Urodziny odbywały się w piwnicy pod jednym z wielu lokali w centrum. Okazało się, że Agatha zaprosiła na nie całą masę najróżniejszych osób, których dwie czarownice nie znały i wątpiły, że zdołają to zmienić jednego wieczora.
- Widziałam, że przyjdziesz!- z tłumu wyłoniła się uradowana jubilatka w stroju Indianki, co niezbyt pasowało do jej jasnych włosów, ale poza tym prezentowała się cudownie.
- Nie mogłam zrezygnować z dobrej zabawy. Agatho poznaj Ginny, moją przyjaciółkę- blondynka uściskała nową znajomą.

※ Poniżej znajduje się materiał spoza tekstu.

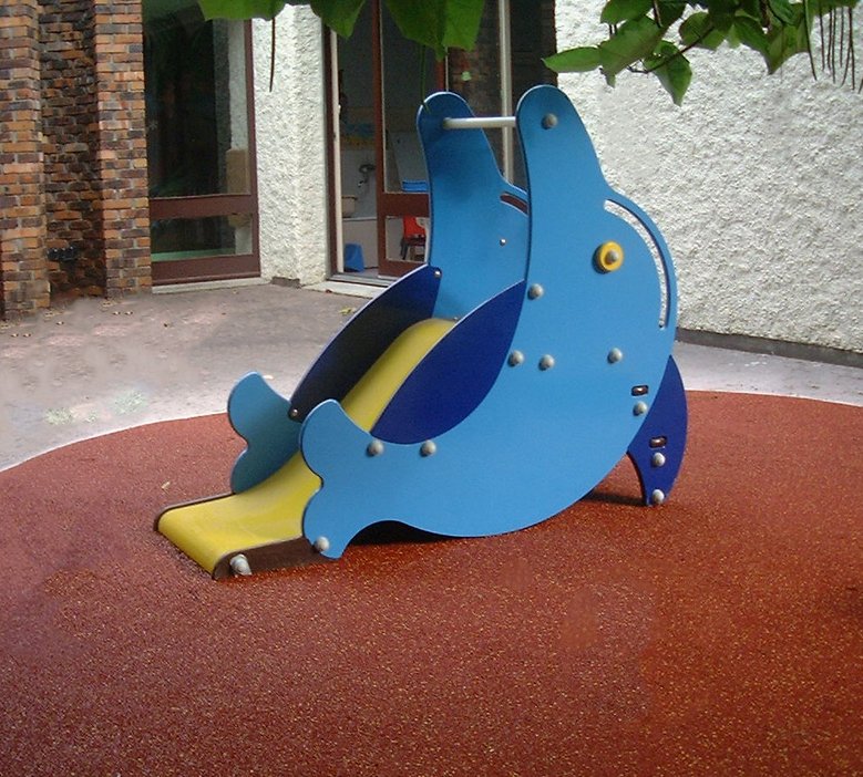 Un petit toboggan à l'effigie d'un dauphin pour que les tout-petits puissent faire des glissades en toute sécurité.

- Też znacie się ze szkoły?- zapytała, chcąc się dowiedzieć czegoś więcej.
- Po części- odparła rudowłosa.- Jestem rok młodsza, ale mój brat chodził z Hermioną do klasy. Tych dwoje i Harry to była paczka nierozłącznych przyjaciół, dlatego miałam okazję ich bardzo dobrze poznać.
- Jak dobrze?- drugą naturą Agathy, po ciągłej wesołości, była dociekliwość. Ginny zaśmiała się unosząc dłoń.
- Jestem zaręczona z Harrym- odparła, wprost, co zaskutkowało nagłym wybuchem radości jubilatki.
- O jejku, gratuluję!!! Co za szczęściara. A ty Hermiono nic się nie martw, ostatnio wpadłaś komuś w oko, więc może i ciebie odwiedzi Amor.
- Oby nie- dziewczyna nie miała ochoty na związki, a już na pewno nie z mugolami, przed którymi musiała tak wiele ukrywać.- Gdzie jest bar?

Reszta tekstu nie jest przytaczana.